Мое дело давно переросло меня. Я уже не могла сама во все вникать и вынуждена была полагаться на других. С выбором сотрудников мне не везло: то это были безнадежные дилетанты, то невозможные профессионалы. Дилетанты, сами по себе честные люди, разбирались в делах еще меньше меня; профессионалы во всеоружии знаний плели интриги и работали на себя, о чем я не имела ни малейшего представления, за что и отвечала потом. Я вела оптовую торговлю и маялась, как меж двух жерновов, с поднаторевшими в своем деле заказчиками и торговцами, у которых брала материалы. И те и другие надували меня как могли. Заказчики выставляли надуманные претензии с целью сбить цену, они бесстыдно торговались и всегда брали верх. Оптовые торговцы сбывали мне свои товары по самой высокой цене. В Париже я была единственный дилетант в вышивальном деле, быстрый рост моего производства бесил конкурентов, а это были старые, с заслуженной репутацией фирмы. И то, что в этом диком положении оказалась женщина, делало его совсем скверным.
Кроме того, а скорее, прежде всего у меня никогда не было достаточно капитала, чтобы пустить его в дело, а оно расширялось, и я подбрасывала в него крохи, какие удавалось скопить. Росли долги, но я не решалась признать свое поражение. Тут объявилась некая русская, которая проявила огромный интерес к моим делам и предложила партнерство. Достаточно богатая, она могла выложить немалые деньги. Я согласилась. Очень скоро, уже рассчитавшись со мной, компаньонка стала проявлять недовольство. Вряд ли она в столь краткий срок могла рассчитывать на какую то прибыль; стало быть, раздражалась она из за чего то другого. И точно: она думала в придачу купить мою дружбу, а из этого ничего не вышло. Придравшись к чему то, компаньонка вчинила мне иск. Чтобы вернуть хотя бы часть суммы, пришлось расстаться с последней ценной вещью, что оставалась у меня, с жемчужным ожерельем, еще маминым. «Китмир» окончательно обескровел.

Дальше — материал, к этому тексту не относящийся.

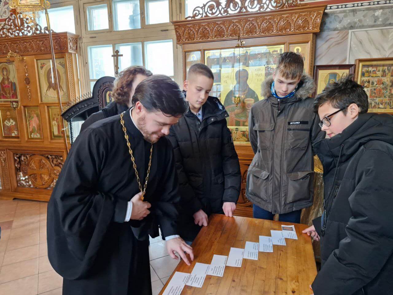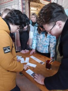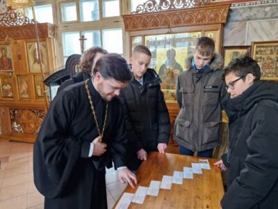 Совместно с методистом ГБУ «Информационно-методического центра» Красносельского района Хватковой Эльвирой Рифкатовной, ребята выполнили интересное задание по истории праздника Сретения Господня и разгадали слова молитвы Симеона Богоприимца, используя специальный шифр. По окончании мероприятия школьники оставили письменные отзывы о встрече, отмечая те знания, которые они получили в ходе мероприятия.
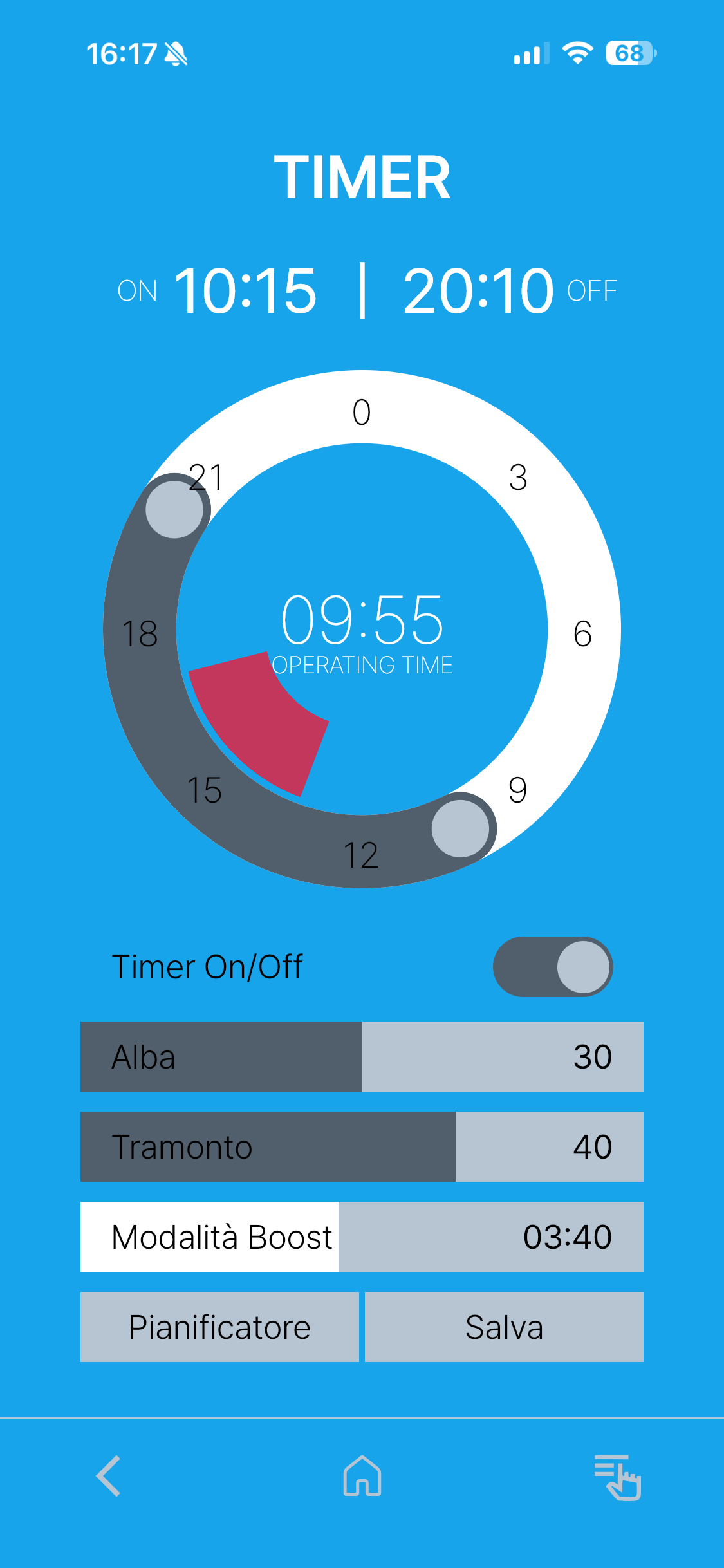 Dalla schermata timer si può impostare la durata complessiva della luce, la durata di alba e tramonto, differenziate tra loro, e si può entrare nel pianificatore. Una funzione che permette di variare la potenza per 25 giorni, permettendo un adattamento del proprio acquario a questa potente plafoniera, per evitare di bruciare le piante. Tutto così, semplice, intuitivo e velocissimo.

И тут же новая напасть: вдруг, одним разом, прошла мода на вышивки. С упорством и отчаянием я еще сопротивлялась неблагоприятной перемене, хотя разумнее было сразу сдаться. Некоторое время «Китмир» жалко оборонялся, и наконец я решила покинуть поле боя. «Китмир» поглотила старая, уважаемая парижская фирма. Считаясь с его прежней известностью, моему делу оставили его название, и хотя «Китмир» теперь уже не был независимым, свою клиентуру он сохранил, и для нее он по–прежнему был «Китмир».